WHY THEY FOUGHT: Maybe we should think of the attack on 
Pearl Harbor as a preemptive strike. How deeply indebted 
to the Japanese the world might be if they'd succeeded in 
preventing Franklin Roosevelt, that lump of foul 
deformity, from developing weapons of mass destruction! 
(page 5)

SINISTER ANALOGY: What do the USSR under Stalin and the 
United States under Jimmy Carter have in common? Both 
countries were headed by men with Georgian accents. 
(page 6)

LESSONS OF (WRITING) HISTORY: In Austria, Convicted 
Holocaust Denier (and, it appears, =Former= Historian) 
David Irving began his three-year prison term in solitary 
confinement.

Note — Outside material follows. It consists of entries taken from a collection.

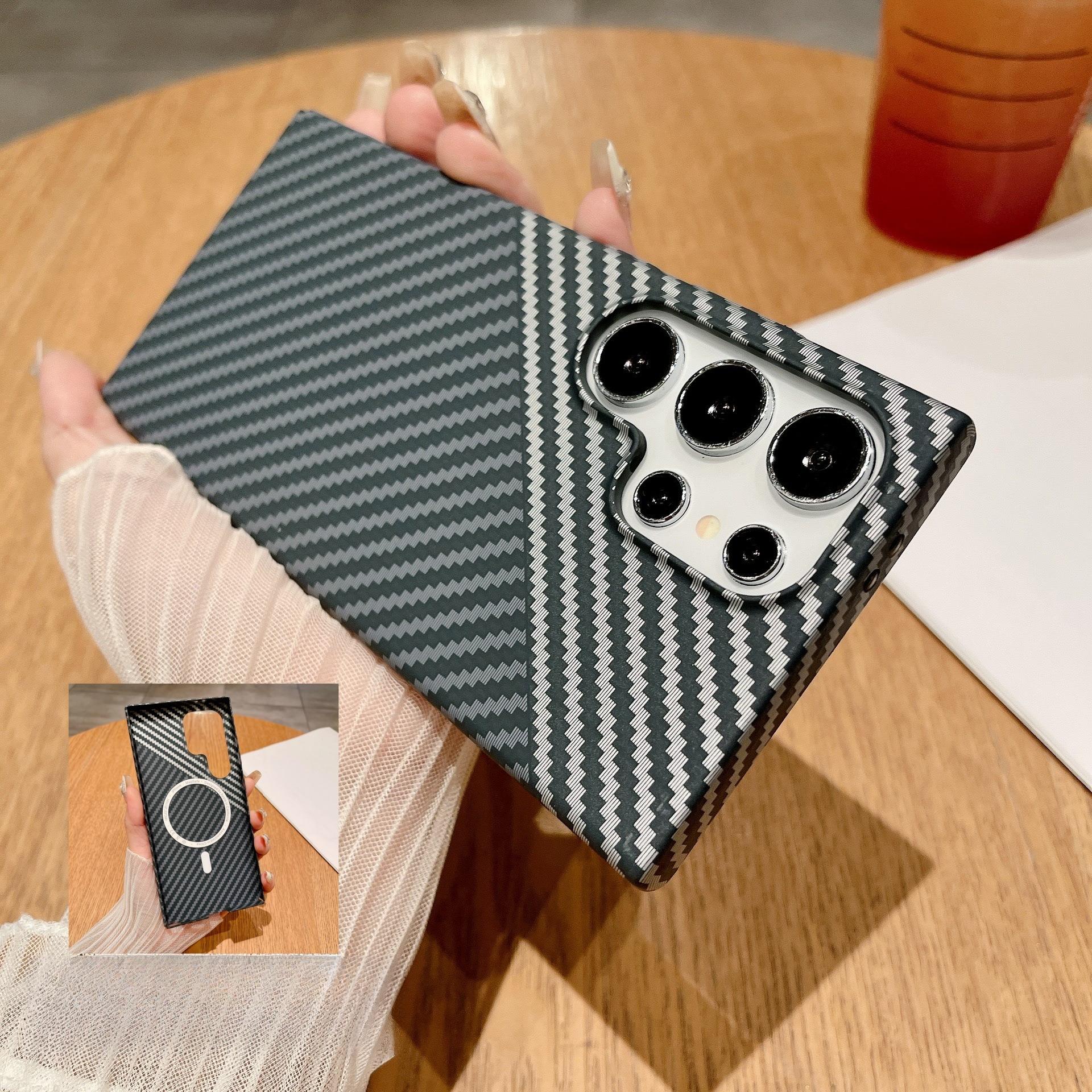 Carbon Fiber Matte Strong Magnetic Ultra Thin Light Phone Case For Samsung S25Ultra S25 S24 S23 S22 Note20Ultra Note10Plus Support Wireless Charging Hard Full Cover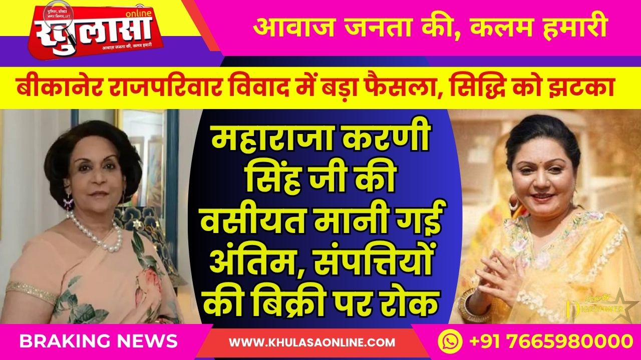 बीकानेर राजपरिवार विवाद में बड़ा फैसला: महाराजा करणी सिंह जी की वसीयत मानी गई अंतिम, संपत्तियों की बिक्री पर रोक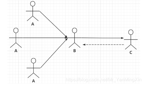 显然,这样可以只让B与C进行通信,类似于多加了一层的代理层,专门用来处理请求,再来一个现实点的例子: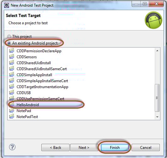 选择要测试的目标应用程序。在这种情况下,这是 HelloAndroid,点击完成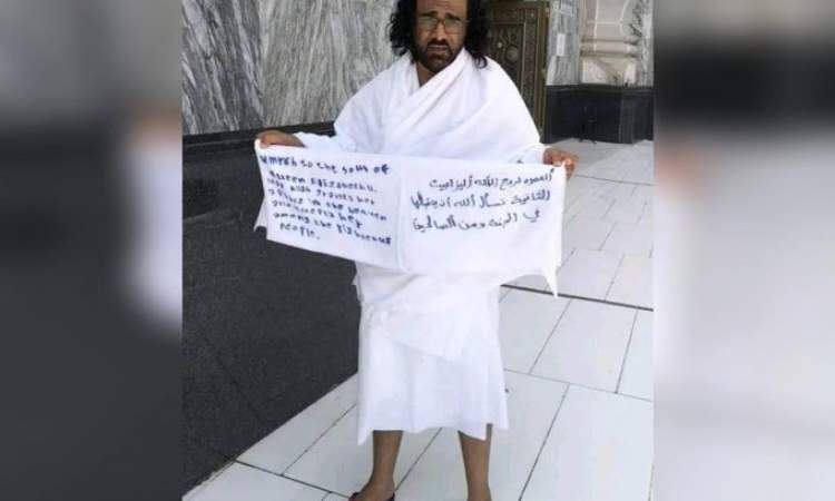القبض على مقيم من الجنسية " اليمنية " بعد ظهورة بلافته في الحرم المكي كتب عليها (العمرة لروح الملكة إليزابيث) pic.twitter.com/pCPby4J9um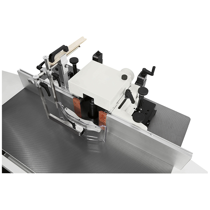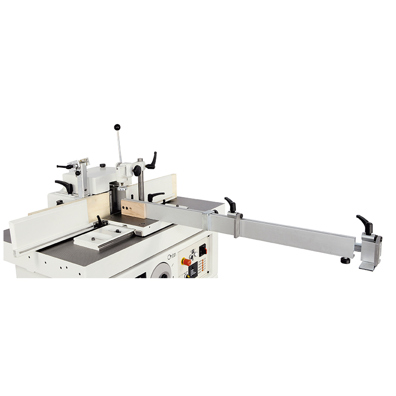 Add extra workpiece support, select the optional “LL” version with 2 profiling extension tables and front extension rail to give an overall table length of 2500 mm. For small tenoning operations the SCM Nova TF 100 can be specified with a table mounted sliding carriage and telescopic swivelling fence and flip over stops.

Arguing that the convict is "unrepentant," 
the prosecutor -- yes, that's right, the =prosecutor= -- 
has appealed the sentence, demanding that it be extended 
to the maximum ten years. Watch it, Irving. The next 
thought you think may be your last. (page 7)

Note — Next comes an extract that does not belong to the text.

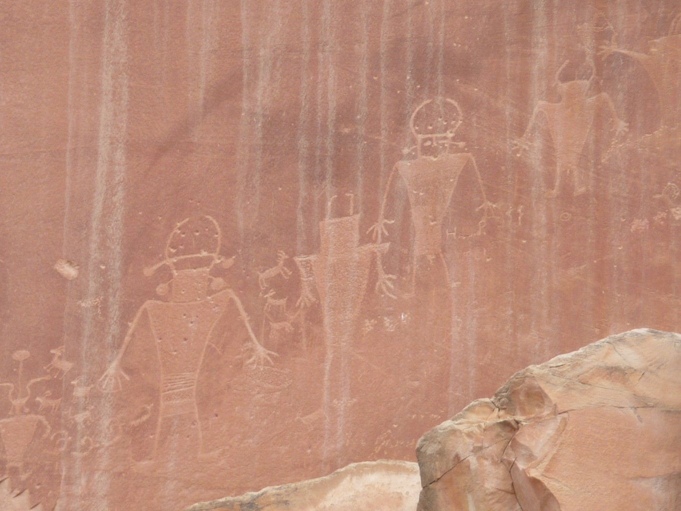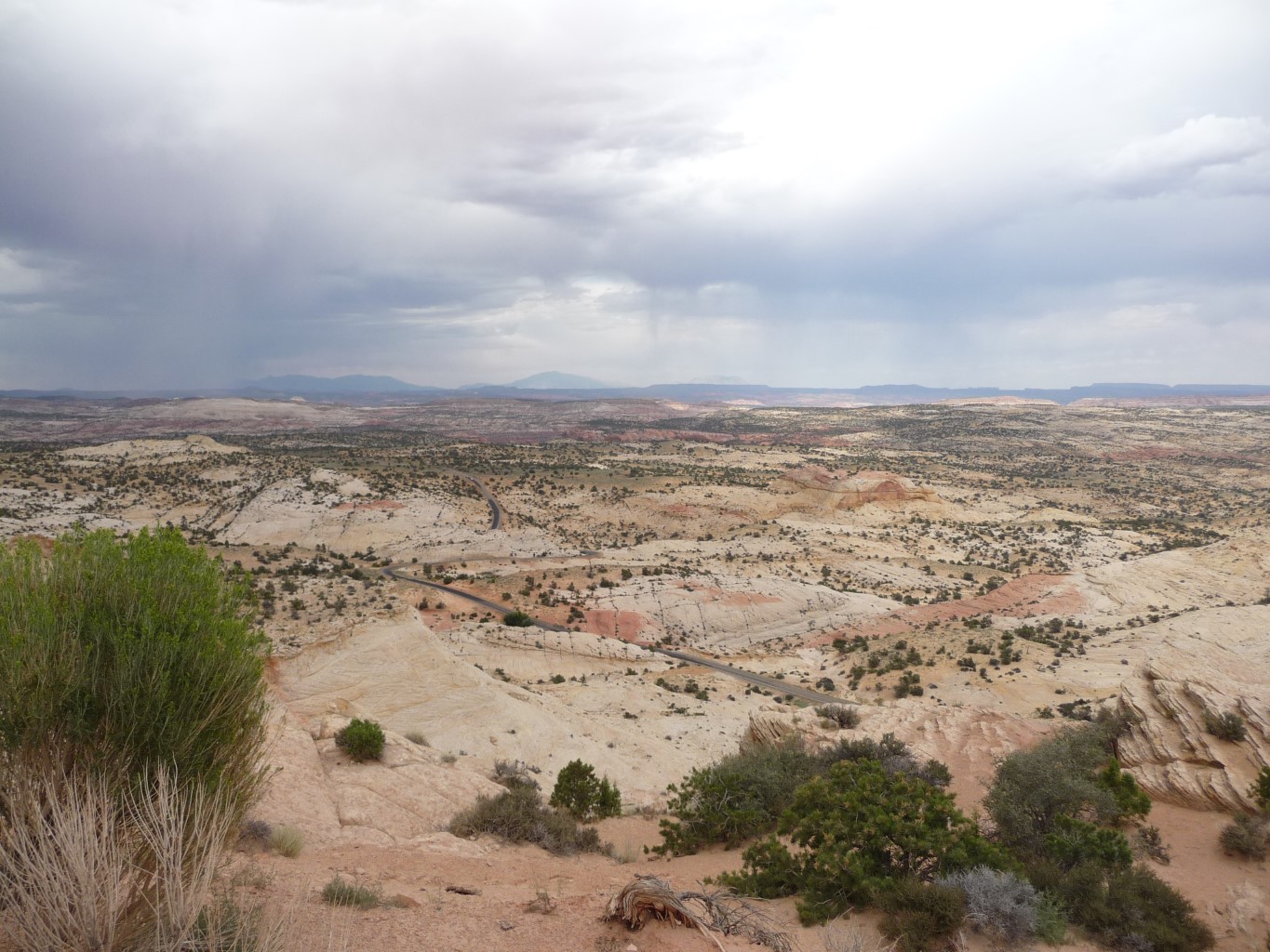 Nach Hanksville verdunkelte sich der Himmel zusehends. Bei der Einfahrt in den Capitol Reef gab es einige Regenschauer. Als wir zur Besichtigung der Felszeichnungen das Auto verließen, war die Temperatur richtig angenehm, zudem wehte ein leichter Wind.

COME TO THINK OF IT: Roosevelt started the Manhattan 
Project at the urging of a famous physicist. The guy's 
name is associated with the theory of relativity, but we 
can also thank him for the nuclear age. Very brainy. A 
regular Einstein. (page 8)

NOBODY HERE BUT US MAMMALS: George Will has made a snide 
comment on the "reptile brain" of David Irving. Watch it 
there, George. Not only is that a low blow, it invites 
speculation on just which phylum you belong to. (page 9)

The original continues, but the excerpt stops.